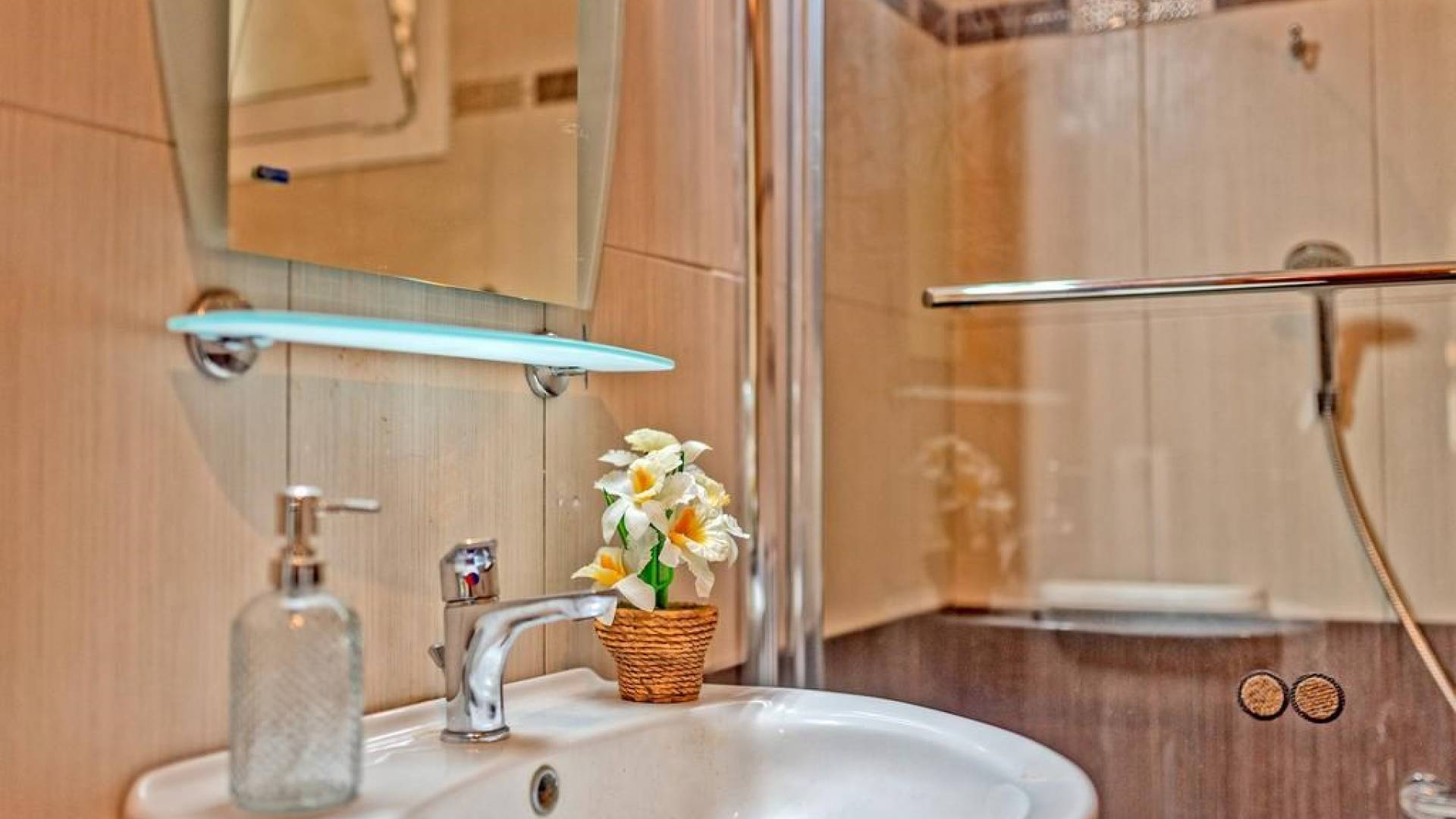 Neben dem Wohnzimmer befindet sich die schöne Küche mit all den modernen Geräten, sodass es ein Kinderspiel ist, frische Funde von den lokalen Märkten zuzubereiten. Es gibt sogar eine Außentür direkt in den Garten. Jedes der drei modernen und schönen Schlafzimmer ist Ihrem Komfort gewidmet, eines davon hat ein eigenes Badezimmer mit Dusche. Ein Bonus ist, dass jedes eine Reihe von Außentüren hat, die Sie direkt auf die Veranda führen.
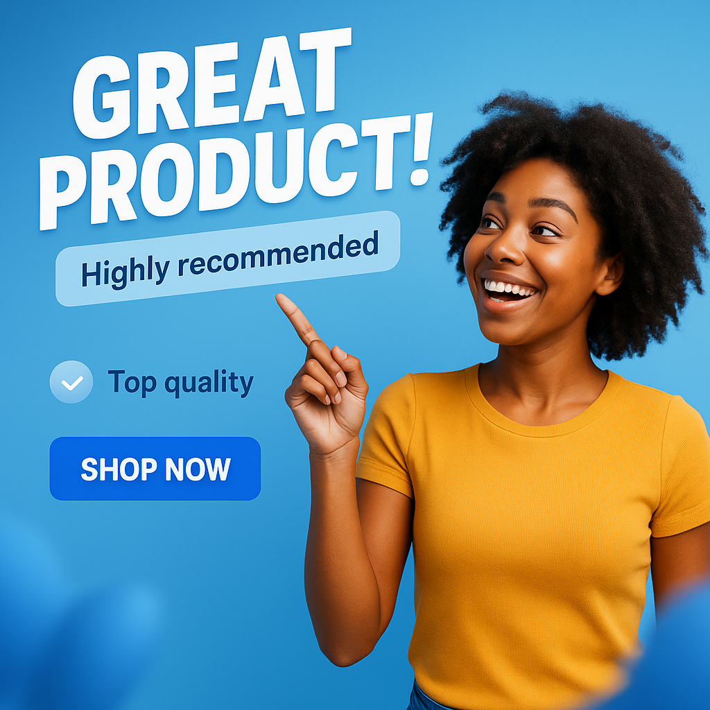 /Collection: /by davooda/Type: PNG/This vibrant social media post features a smiling woman endorsing a product with a call to action. The design uses bright colors and bold typography to attract attention.
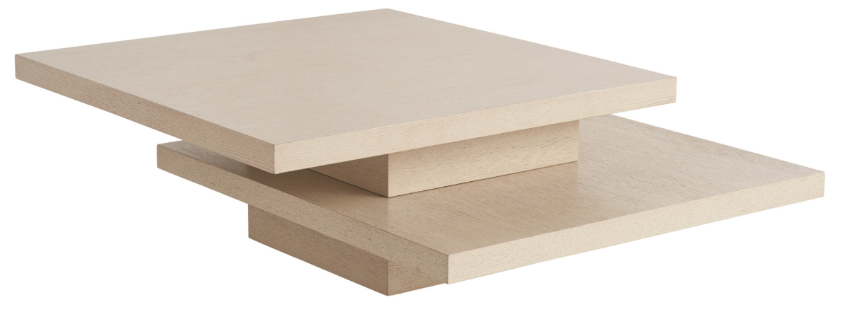 The Prescott tiered cocktail table features two asymmetrical 36-inch square tops offset around a pedestal base giving the table an overall dimension of 44 x 44-inches. The straight grain pattern on the top surface is perpendicular to the surface below it, offering a unique visual perspective.Read More
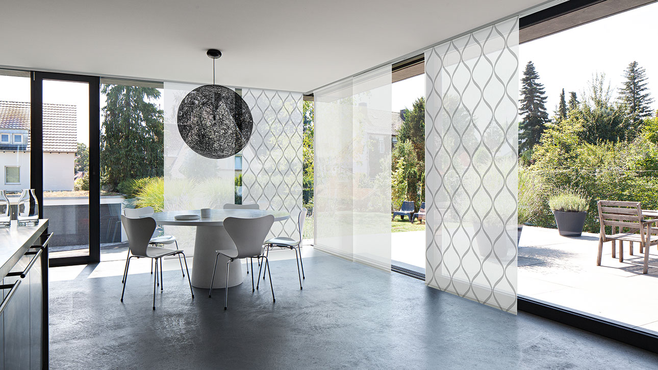 Moderne Leichtigkeit! MHZ Flächenvorhänge sind Sonnenschutz und Gestaltungselement in einem. Ob gemustert und bunt oder schlicht und zart: durch vielseitig kombinierbare Farben und Texturen finden Sie genau die richtige Kombination für Ihren Raum. Gerade bei größeren Fensterfronten verbinden Flächenvorhänge praktischen Sonnenschutz mit einem wohnlichen Ambiente.
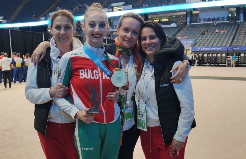 Така до момента на Световните игри в САЩ България има три медала - злато и сребро на Боряна Калейн и бронз на смесената двойка по аеробика Ана-Мария Стоилова и Антонио Папазов.
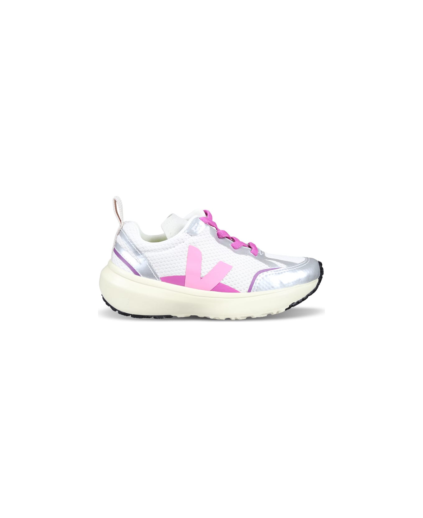 Silver sneakers with rubber sole, round toe, elastic lace closure. They are embellished with pink logo on the sides. They are made with eco-friendly and vegan materials.
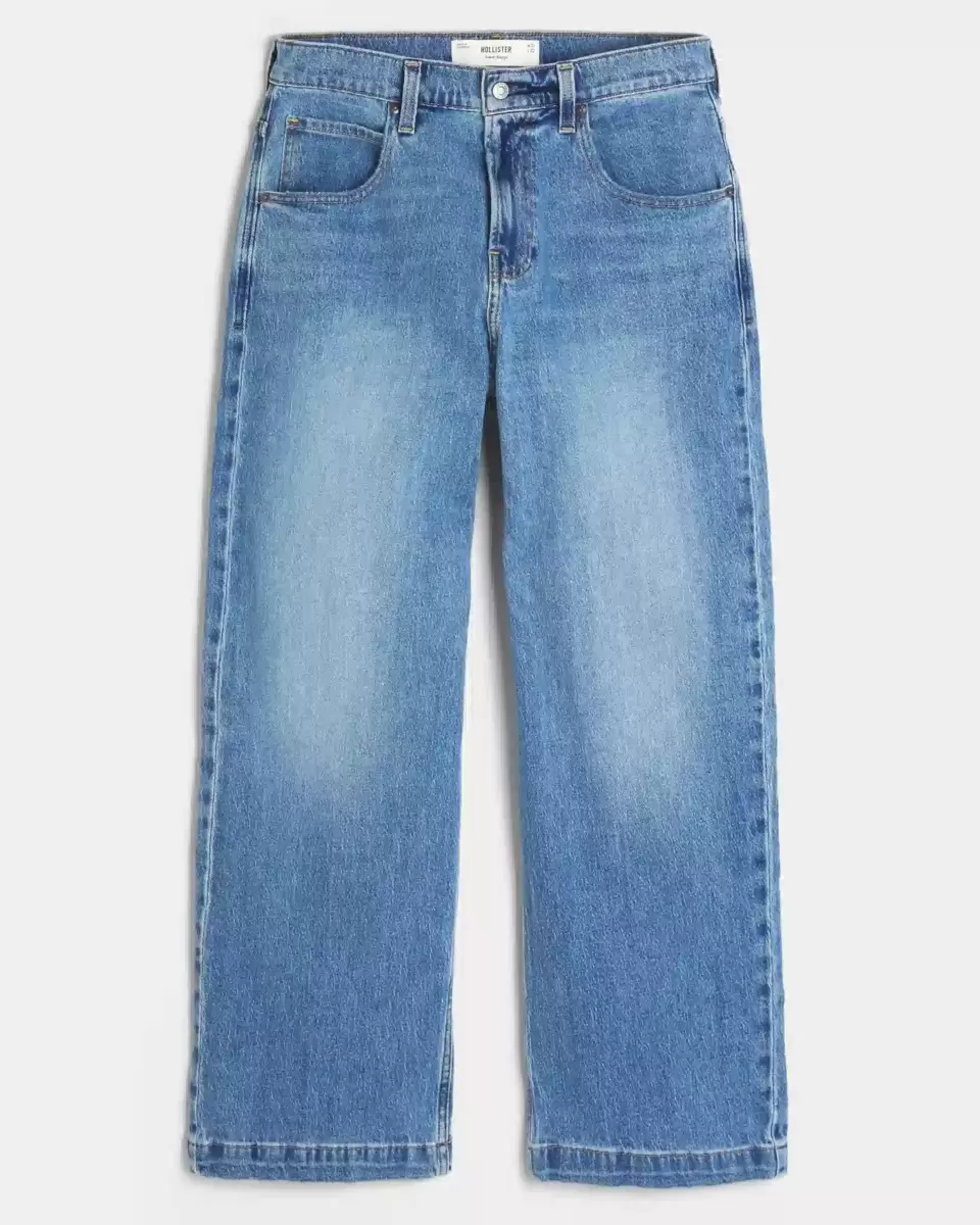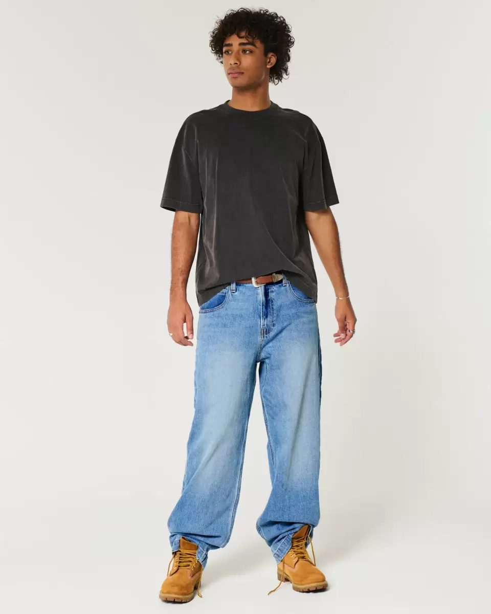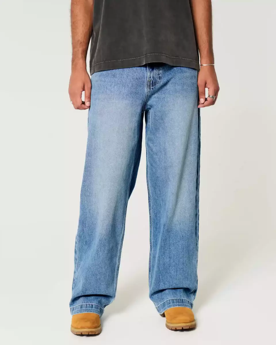 Ultra-comfortable jeans in a medium wash, designed with a super baggy leg. Fading and whiskering. Imported.
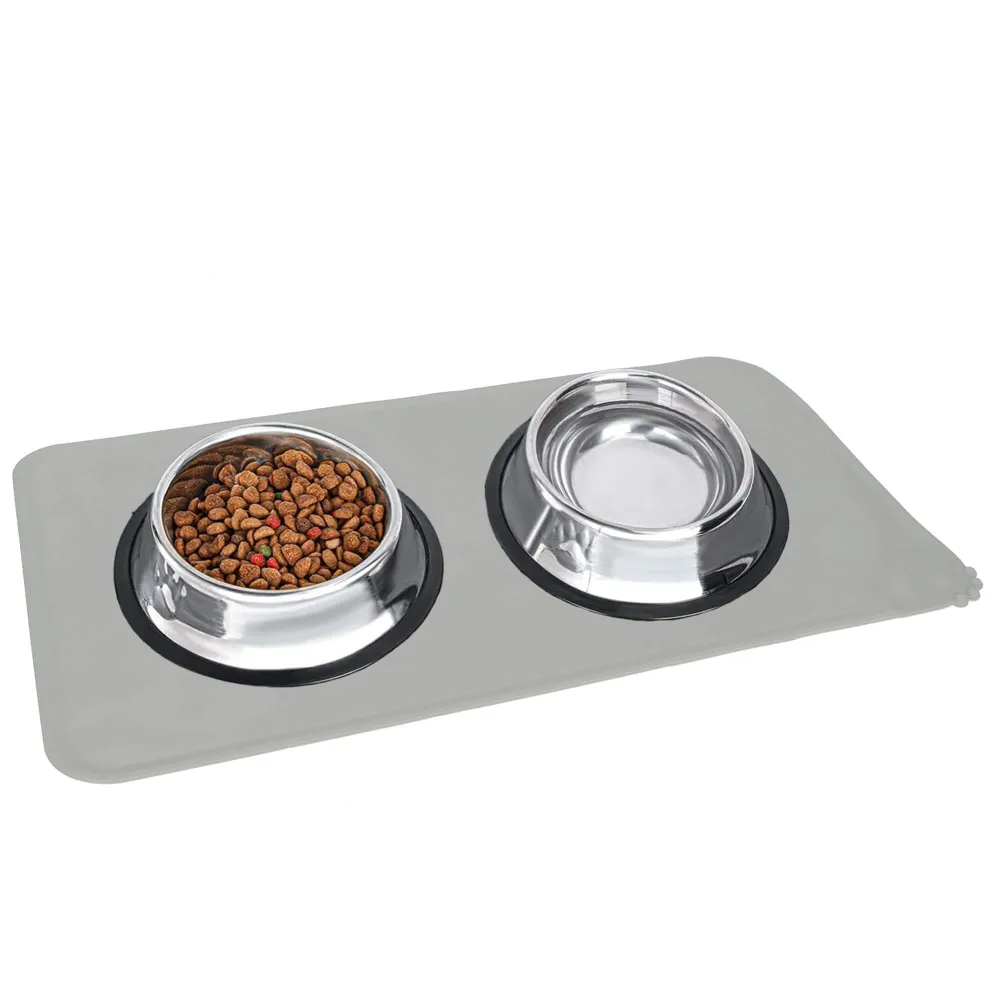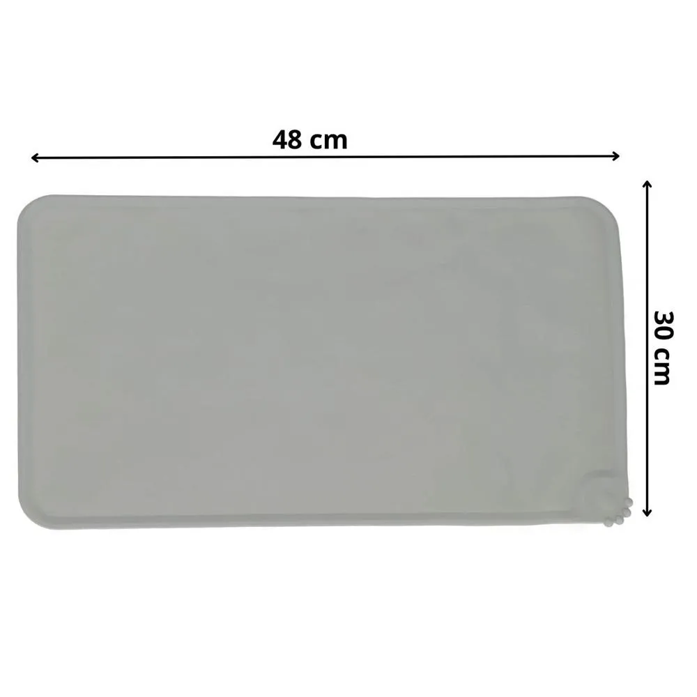 Protišmyková podložka pod misky s labkou 48x30 cm SPRINGOS PA1060 šedá je praktickým doplnkom pre každého majiteľa domácich maznáčikov, ktorý chce udržať svoje okolie čisté a chrániť podlahu pred poškodením.
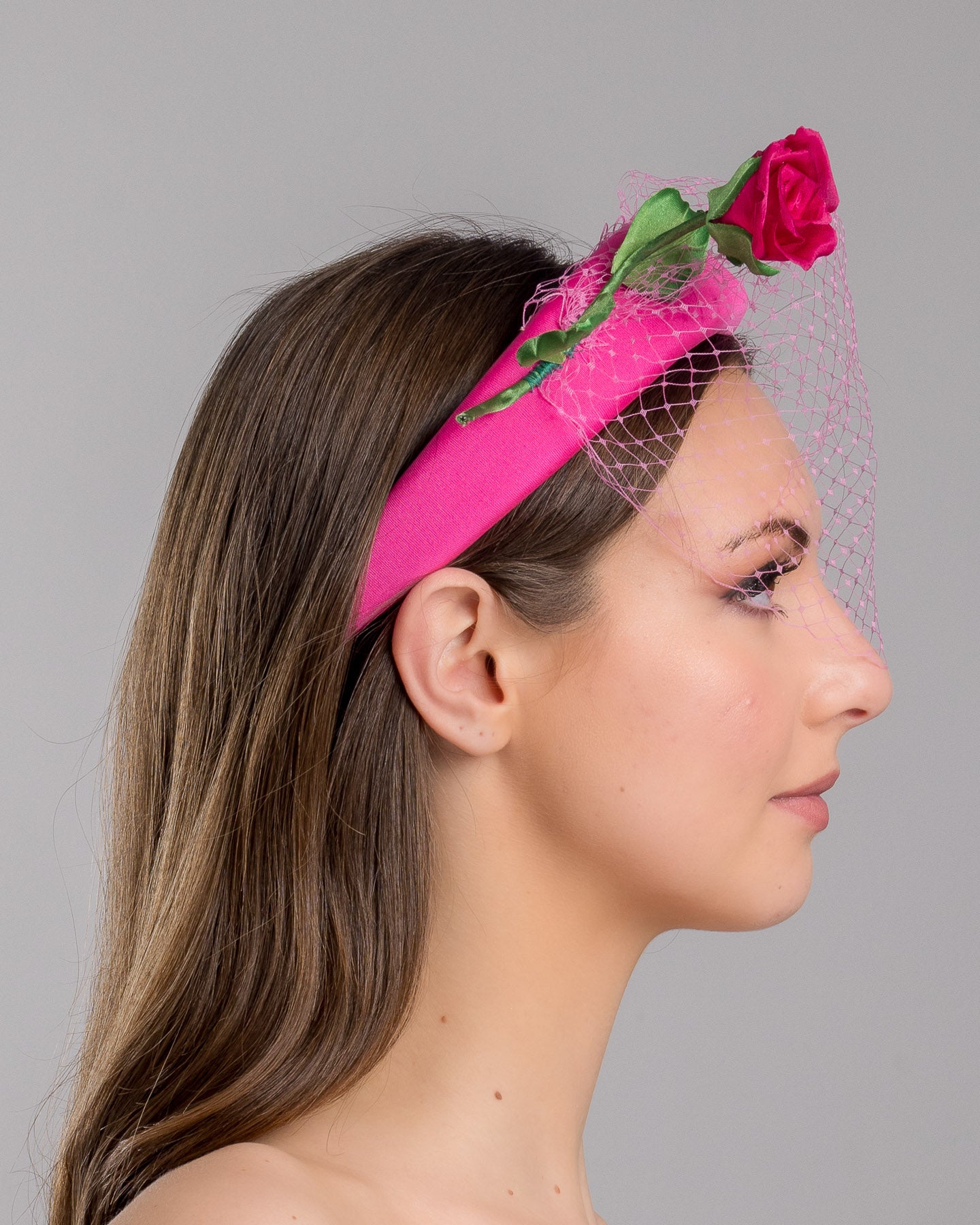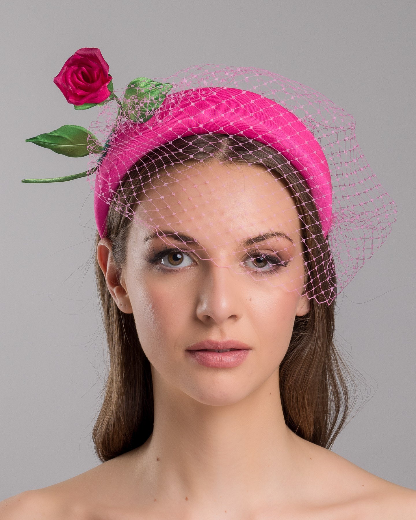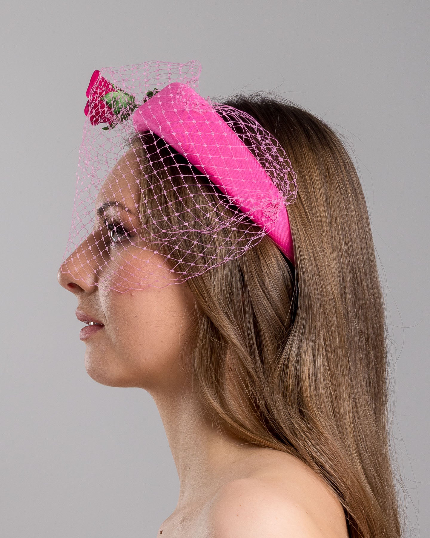 The pink fascinator headband with veil and pink rose is perfect for garden events and weddings.
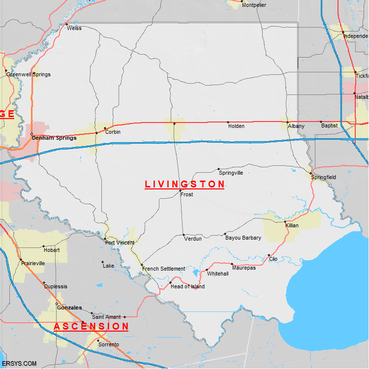 The estimated population of Livingston Parish is 152,989 with 56,573 households. These households are spread across 9 unique municipalties (not all shown).

* **Work instruction**:
The material above should be printed again exactly, with each picture left out.

* **Final answer**:
 Neben dem Wohnzimmer befindet sich die schöne Küche mit all den modernen Geräten, sodass es ein Kinderspiel ist, frische Funde von den lokalen Märkten zuzubereiten. Es gibt sogar eine Außentür direkt in den Garten. Jedes der drei modernen und schönen Schlafzimmer ist Ihrem Komfort gewidmet, eines davon hat ein eigenes Badezimmer mit Dusche. Ein Bonus ist, dass jedes eine Reihe von Außentüren hat, die Sie direkt auf die Veranda führen.
 /Collection: /by davooda/Type: PNG/This vibrant social media post features a smiling woman endorsing a product with a call to action. The design uses bright colors and bold typography to attract attention.
 The Prescott tiered cocktail table features two asymmetrical 36-inch square tops offset around a pedestal base giving the table an overall dimension of 44 x 44-inches. The straight grain pattern on the top surface is perpendicular to the surface below it, offering a unique visual perspective.Read More
 Moderne Leichtigkeit! MHZ Flächenvorhänge sind Sonnenschutz und Gestaltungselement in einem. Ob gemustert und bunt oder schlicht und zart: durch vielseitig kombinierbare Farben und Texturen finden Sie genau die richtige Kombination für Ihren Raum. Gerade bei größeren Fensterfronten verbinden Flächenvorhänge praktischen Sonnenschutz mit einem wohnlichen Ambiente.
 Така до момента на Световните игри в САЩ България има три медала - злато и сребро на Боряна Калейн и бронз на смесената двойка по аеробика Ана-Мария Стоилова и Антонио Папазов.
 Silver sneakers with rubber sole, round toe, elastic lace closure. They are embellished with pink logo on the sides. They are made with eco-friendly and vegan materials.
 Ultra-comfortable jeans in a medium wash, designed with a super baggy leg. Fading and whiskering. Imported.
 Protišmyková podložka pod misky s labkou 48x30 cm SPRINGOS PA1060 šedá je praktickým doplnkom pre každého majiteľa domácich maznáčikov, ktorý chce udržať svoje okolie čisté a chrániť podlahu pred poškodením.
 The pink fascinator headband with veil and pink rose is perfect for garden events and weddings.
 The estimated population of Livingston Parish is 152,989 with 56,573 households. These households are spread across 9 unique municipalties (not all shown).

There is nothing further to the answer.